Abandoned golf carts in Miyakicho, Saga prefecture. If a third of the population stops working and draws a pension from the age of 65, and then goes on to live to 85, their pensions are going to be prohibitively expensive for the government. If they spend the last 20 years of their lives in poor health, their medical bills will be prohibitively expensive too.
An old man killing time in Shinjuku station. 'It's not just that the elderly cost a lot of money once they start getting ill and need to be looked after,' my friend Atsushi said. 'The real problem is the terrible loneliness that many elderly people live with.
Poster warning the elderly to beware of phone scams. While Japan's reputation for having a low crime rate is well deserved, when it comes to offences like fraud and cyber-crime, it is something of a villains' playground.
An empty house in Hane, Shikoku. In 2024, Japan's Housing and Land Survey logged a record 9 million akiya (empty houses), meaning that, nationwide, 14 per cent of houses are unoccupied. That is enough to accommodate the entire population of Australia at three people per dwelling. Some forecasts predict that by 2040 the vacancy rate could be as high as 40 per cent.
A neglected road sign in the mountains of Nagano prefecture. As of 2022, 85 per cent of Japan's municipalities have a shrinking population, and the Japan Policy Council says that nearly half of them are 'at risk of extinction' by 2040.
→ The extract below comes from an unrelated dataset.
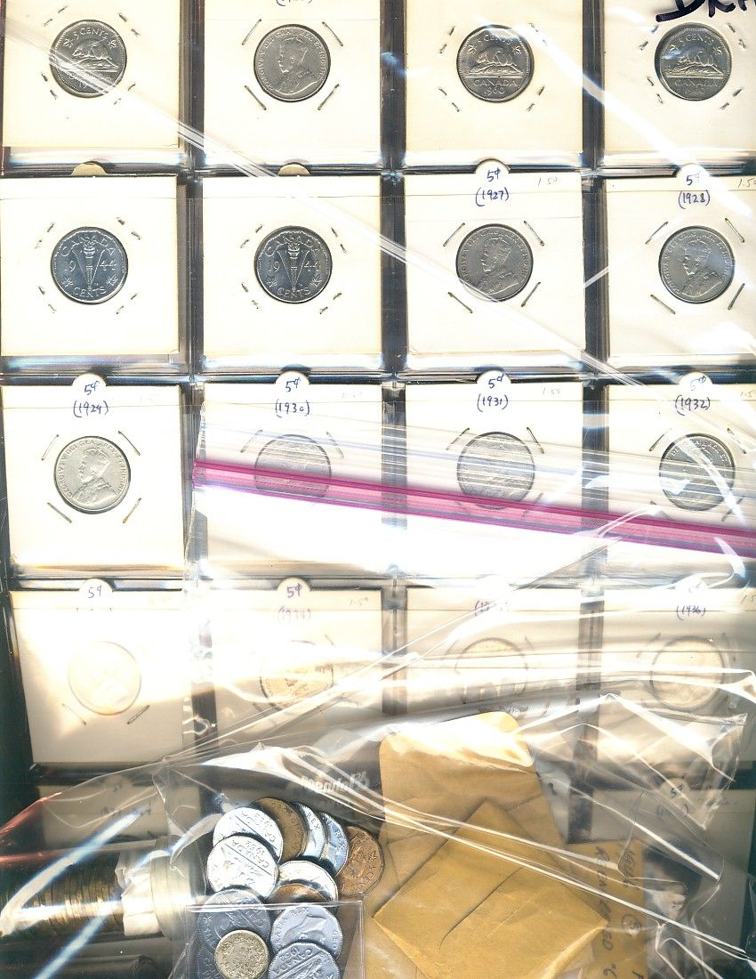 Canadian 5¢ Lot; Includes Early silver 5¢ culls(32), 1923-1960 partial date set excluding the 1925 & 1926 Fr, VG to UNC along with handful of 1942, 1943 & 1952 EF to UNC & 1942 5¢ Tombac partial UNC roll. Includes 26 pcs some stained but basically all AU+ to UNC+.

Two chihuahuas. Given the dearth of children and the love of all things kawaii (cute), it should come as no surprise to find that Japan is the only country in the world in which pets outnumber children. In 2021, 886,000 new furry and/or fluffy family members were born in Japan, surpassing the number of babies born for the first time.
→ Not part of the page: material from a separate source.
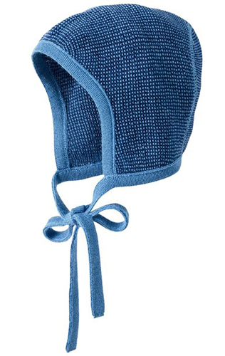 Le Bonnet Bébé en Laine Mérinos avec Lacet Bleu Disana gardera bien au chaud la tête et les oreilles de votre nouveau-né. Deux lacets permettent de maintenir le bonnet bien en place.
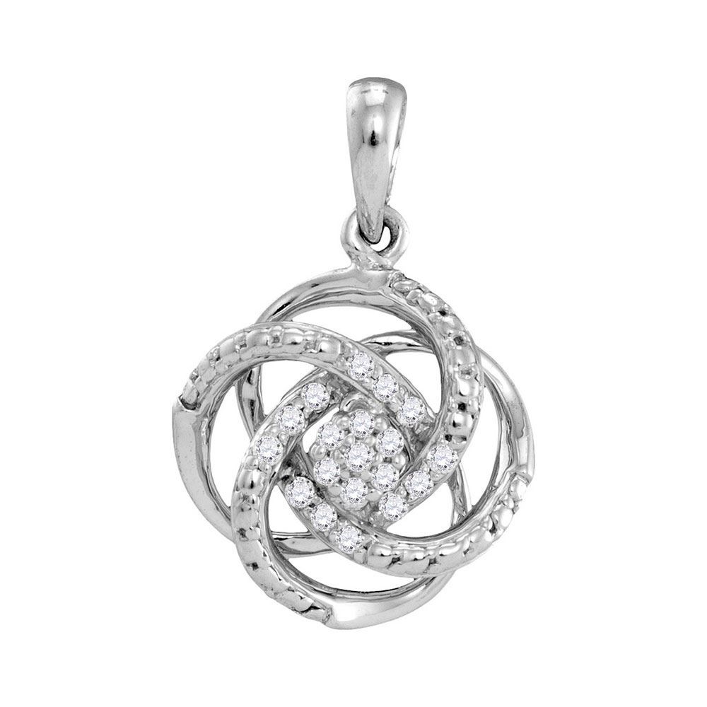 10kt White Gold Womens Round Diamond Cluster Pendant 1/10 Cttw

Doggie clothing in a shop window in Komazawa, Tokyo. While the countryside struggles not to be overrun by wild animals, in the cities, domestic animals are displacing infants in the nation's affections. The affection that people feel for their pets has only been amplified by the wasting away of the family, the dearth of children and the chronic loneliness that many Japanese people feel
Ishihara Foods, Miyakonojo, Miyazaki prefecture. Faced with chronic labour shortages, all kinds of businesses are counting on robots and AI to act as stand-ins for absent workers. This might look like an ordinary tractor, but it is a driverless, fully automated 'robot' tractor that uses satellite GPS to navigate its way around the fields
The hand of an early karakuriningyo, or mechanical doll. Care homes are particularly excited by advances in robotics. While they may look exciting, many robotics researchers admit that they are 50–100 years away from developing a robot with the intelligence and sensitivity required to be called 'caring'
Japanese-Bangladeshi model Rola. Foreign observers say that, by failing to embrace mass immigration, the Japanese government has brought its demographic crisis upon itself. But an embryonic multicultural society is taking shape in post-growth Japan. As of 2024, there were 3.7 million resident foreigners, comprising just over 3 per cent of the total population – small potatoes in the eyes of most Europeans, but a game-changer in a country where the population is shrinking by upwards of 700,000 people every year.
A jar of Hokkaido-made ghee. Japanese demographers estimate that by 2070 11 per cent of the Japanese population will be foreign nationals.